Futures for the benchmark S&P 500 index and the Dow Jones Industrial Average slipped 0.5% before the bell.

Notes from the monthly Fed meeting at which its key interest rate was left unchanged are due for release Wednesday. Fed officials have said rates might be raised two more times this year, but traders hope they will decide enough already has been done to cool inflation.

On Friday the U.S. reports employment data for June, a day after data on weekly jobs and separately, job openings, are released.

“Interest rate expectations could be reshaped depending on how the cards fall with regards to these key releases,” said Tim Waterer of KCM Trade in a report.

The U.S. labor market has weathered a more than year-long effort by the Fed to cool it — and the broader economy — by raising interest rates. Layoffs are historically low, job openings plentiful and the economy continues to add jobs at a healthy rate.

The Fed's next interest rate decision comes later this month.

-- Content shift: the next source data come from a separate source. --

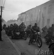 26-30.09.1956, Polska. Uczestnicy motocyklowego rajdu TPPR Warszawa-Poronin przejeżdżają ...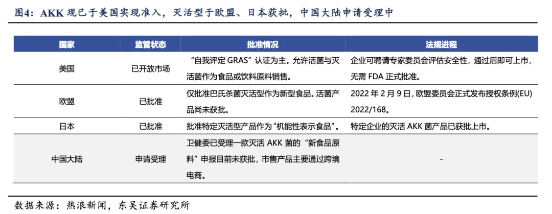 AKK 现已于美国实现准入,灭活型于欧盟、日本获批,中国大陆申请受理中。 AKK活菌及灭活菌均可作为食品饮料原料在美国市场销售, 企业聘请专家委员会评估安全性,通过后即可上市;欧盟(包括英国)及日本批准巴氏杀菌灭活型作为新型食品,活菌产品尚未获批。2025 年 11 月 14 日中国卫健委受理一款灭活 AKK 菌申报新食品原料,目前未获批,市售产品主要通过跨境电商形式销售。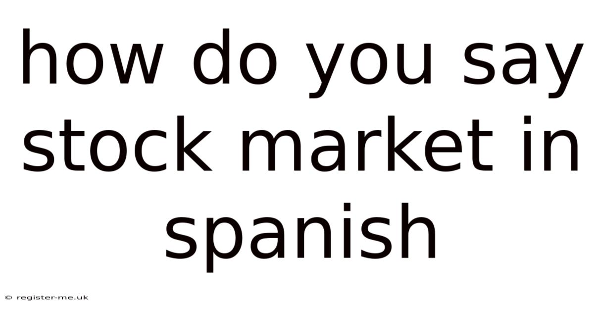 All in all, understanding how to say "stock market" in Spanish is more than just a linguistic exercise. It is a gateway to exploring the complexities of finance, the role of investment, and the impact on society. By grasping the term "mercado de valores" and its components, readers can enhance their financial literacy and make informed decisions. Whether you are a student, a professional, or simply a curious learner, this knowledge will serve you well in navigating the world of finance Surprisingly effective..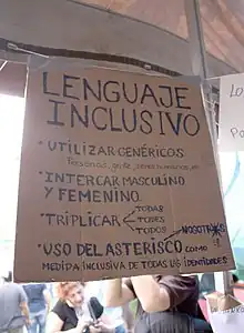 Historicamente, o uso de pronomes masculinos no lugar de genérico (desconhecido, não especificado, irrelevante ou indeterminado) era considerado não sexista, mas várias formas de linguagem neutra em gênero se tornaram uma característica comum nas versões escrita e falada de muitas línguas no final do século XX. As feministas argumentam que anteriormente a prática de atribuir "gênero masculino" a antecedentes genéricos se originava da linguagem, refletindo "os preconceitos da sociedade em que evoluiu, e o inglês evoluiu durante a maior parte de sua história em uma sociedade patriarcal centrada no homem".[48] Durante a década de 1970, as feministas Casey Miller e Kate Swift criaram um manual, The Handbook of Nonsexist Writing, sobre linguagem neutra em termos de gênero, que foi criada para reformar a linguagem sexista existente que, segundo se diz, exclui e desumaniza as mulheres.[49] Nos anos 80, muitos esforços feministas foram feitos para reformar a linguagem androcêntrica e binarista.[50] Em alguns ambientes acadêmicos e governamentais, tornou-se comum contar com uma linguagem neutra em termos de gênero para transmitir a inclusão de todos os sexos ou gêneros (linguagem inclusiva de gênero).[51][52][53]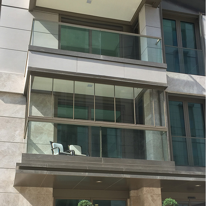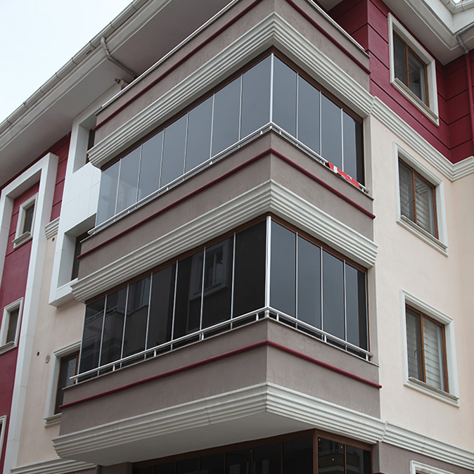 Uygulanacağı tüm cam balkon sistemlerine uyum sağlayan donanımları, manzaradan ödün vermeyen yapısı ve tüm mekanları tamamlayacak 8 farklı renk seçeneği ile kullanıcısına bütünleyici bir alan tasarımı yaratır.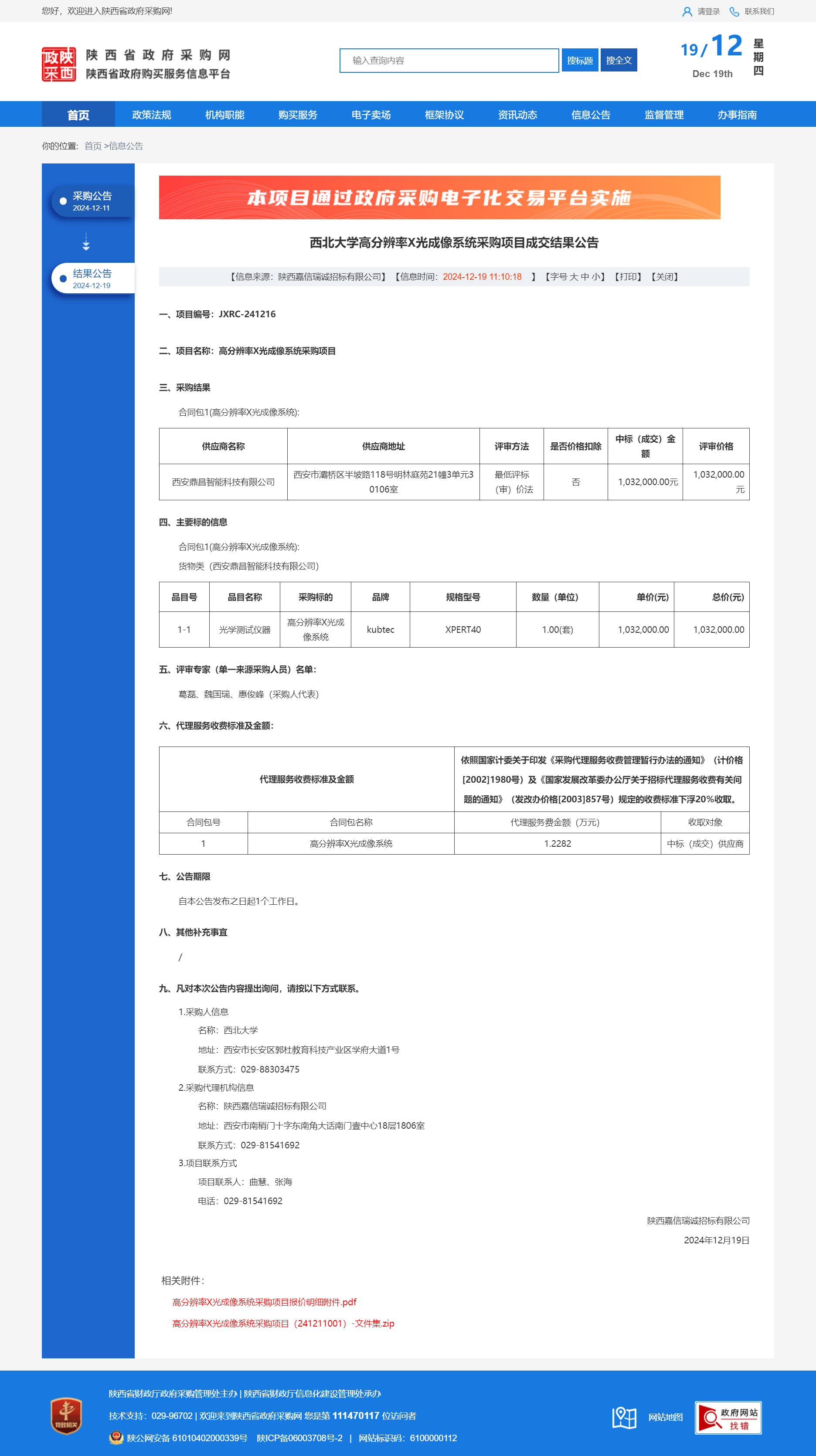 8868体育登录高分辨率X光成像系统采购项目成交结果公告 作者:采购与招标办公室 编辑: 时间:2024-12-19 原公告链接:https://www.ccgp-shaanxi.gov.cn/freecms/site/shaanxi/ggxx/info/2024/8a69c5a59218576d0193dcdefa916c53.html?noticeType=001023¬iceId=68a09fa3-bdb8-11ef-8063-08c0eb20c666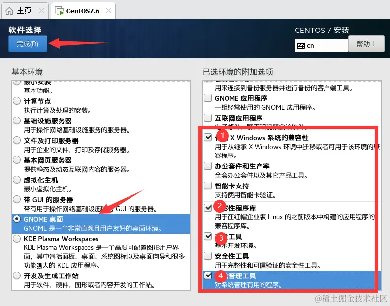 14、选择以下内容,点击完成,退出这个界面之后,系统会检查软件依赖关系,需要等一会。建议不要乱点,防止机器卡死。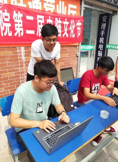 5月20日至21日,计算机学院学生会联合信苑联通营业厅在信苑广场进行了为期两天的电脑义诊活动,帮助需要的同学们修复计算机系统、进行软硬件病毒检测、安装电脑软件等,并为过往的同学们普及电脑日常使用及维护知识。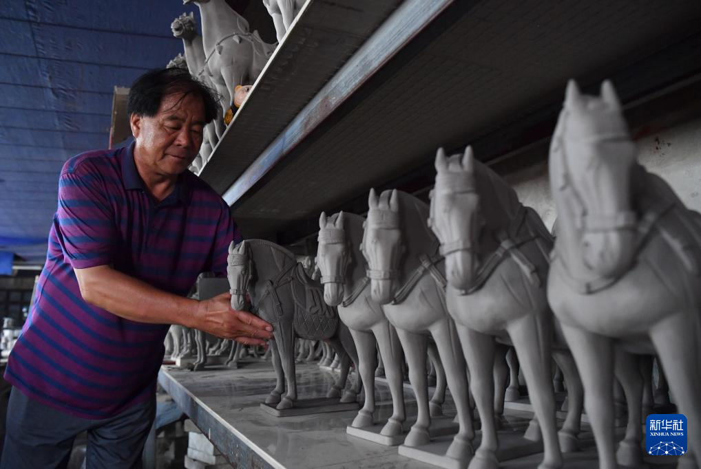 7月20日,在南石山村一家唐三彩生产企业的车间里,工人在加工泥胎。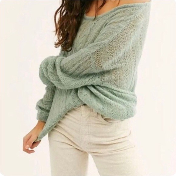 как выглядит Free People Fresh Mint Cable Knit Sweater S фото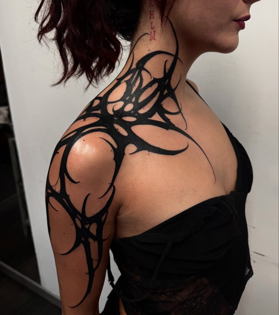 This tattoo features sweeping black ink patterns across the shoulder and collarbone, creating an abstract yet tribal-inspired design. The flowing curves radiate outward, enhancing the natural shape of the body with dramatic boldness.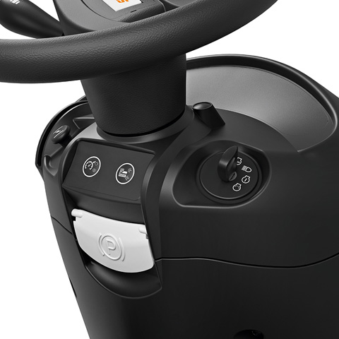 La trazione viene gestita completamente da un solo pedale sensibile alla pressione con cui possiamo regolare la velocità minima e massima d'avanzamento; il senso di marcia avanti e quello di retromarcia vengono invertiti velocemente grazie alla leva posta sotto al volante.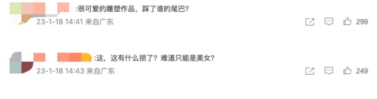 不过,还有更多网友表示不觉得侮辱了女性形象,“为什么会有损形象呢,我觉得挺生活化的啊,难道女性全部都要身材完美像模板一样才正常吗?”“肥的女人就有损形象?”“很可爱的雕塑啊!”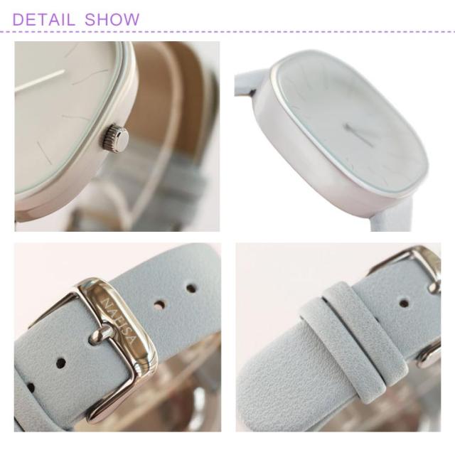 | 洗練された丸みのあるデザイン、女性の可愛らしさを引き立てる腕時計です。 日本製クオーツムーブメントを採用して、走時誤差が小さいです。 底面はステンレス製で、お肌に優しい仕上げとなって、抗アレルギー効果も期待できる。 優しい色合いの華奢な本革ベルトが手元を可愛く華やかに見せてくれます。 ステンレスにはメッキが施されており、色褪せることはなく、撥水仕様なので濡れも強い。 | |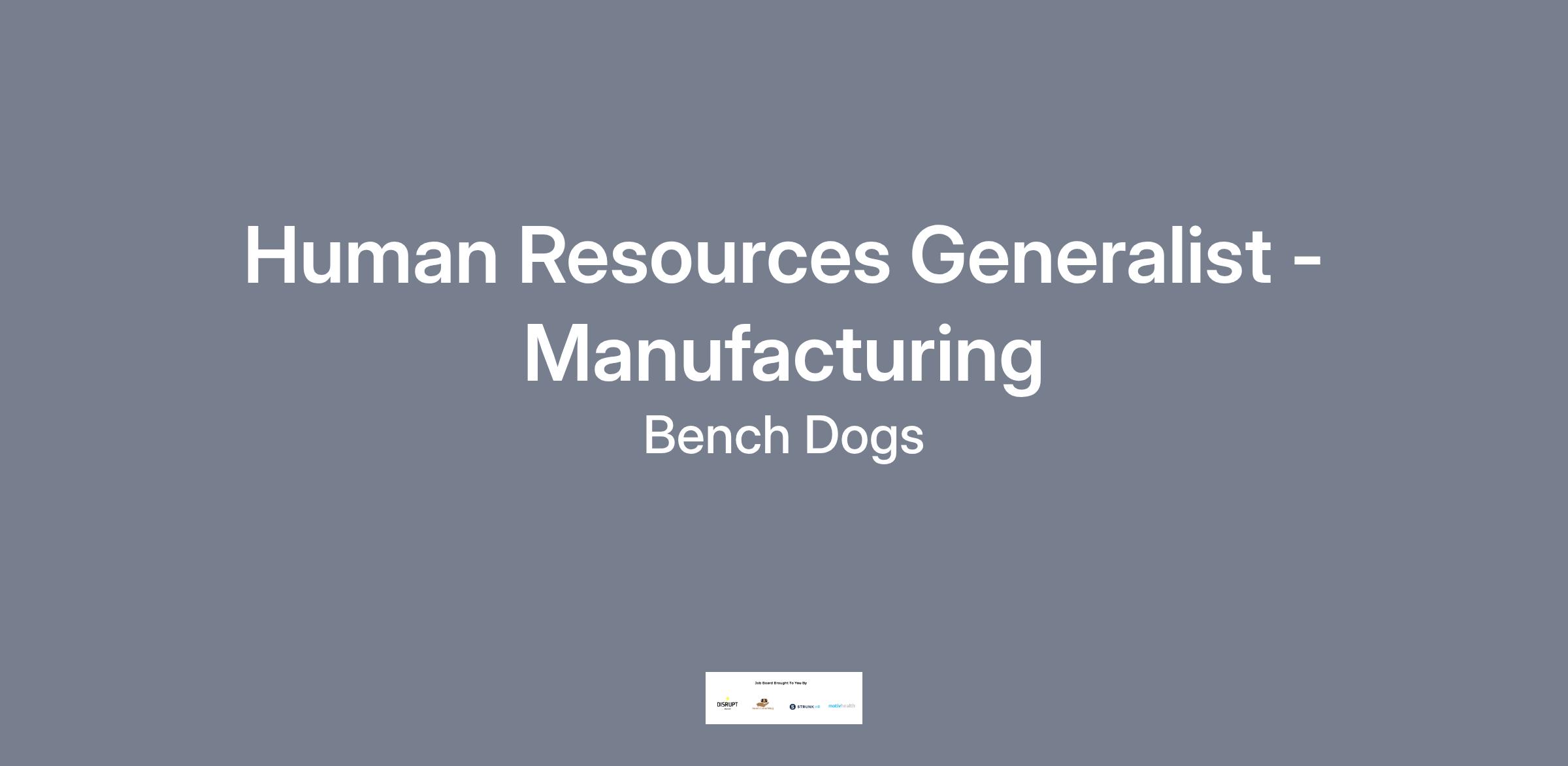 BENCH DOGS JOB OPENING: Human Resources Generalist - Manufacturing

Shares of UPS slid more than 2% after contract negotiations broke down over night between the company and the Teamsters union representing some 340,000 UPS workers. Each side accused the other of walking away from negotiations. The current contract expires at the end of the month and Teamsters members last month voted in favor of a strike authorization.

At midday in Europe, the FTSE 100 in London and the DAX in Frankfurt each lost 0.5%, while the CAC 40 in Paris retreated 0.6%.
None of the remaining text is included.